## [What is expected]
Produce a copy of every line in the records that holds the string "with".
··· Dataset entries
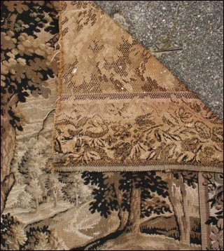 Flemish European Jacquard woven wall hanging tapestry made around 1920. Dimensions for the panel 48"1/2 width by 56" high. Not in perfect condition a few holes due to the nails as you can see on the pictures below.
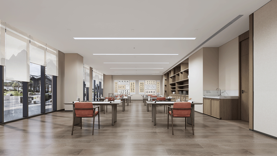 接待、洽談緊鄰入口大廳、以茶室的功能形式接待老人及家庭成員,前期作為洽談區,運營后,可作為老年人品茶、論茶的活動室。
······
··· Dataset entries
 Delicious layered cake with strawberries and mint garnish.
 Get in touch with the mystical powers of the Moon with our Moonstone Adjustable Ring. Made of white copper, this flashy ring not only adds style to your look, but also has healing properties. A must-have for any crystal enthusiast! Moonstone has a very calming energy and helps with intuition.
······
··· Dataset entries
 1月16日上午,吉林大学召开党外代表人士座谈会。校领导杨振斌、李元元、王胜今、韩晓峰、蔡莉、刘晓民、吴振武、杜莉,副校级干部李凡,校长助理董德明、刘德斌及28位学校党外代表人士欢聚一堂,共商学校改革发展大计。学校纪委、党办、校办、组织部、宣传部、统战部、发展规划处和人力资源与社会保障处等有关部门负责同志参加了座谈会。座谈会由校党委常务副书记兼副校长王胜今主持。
······
## [Finished exercise]
 Delicious layered cake with strawberries and mint garnish.
 Get in touch with the mystical powers of the Moon with our Moonstone Adjustable Ring. Made of white copper, this flashy ring not only adds style to your look, but also has healing properties. A must-have for any crystal enthusiast! Moonstone has a very calming energy and helps with intuition.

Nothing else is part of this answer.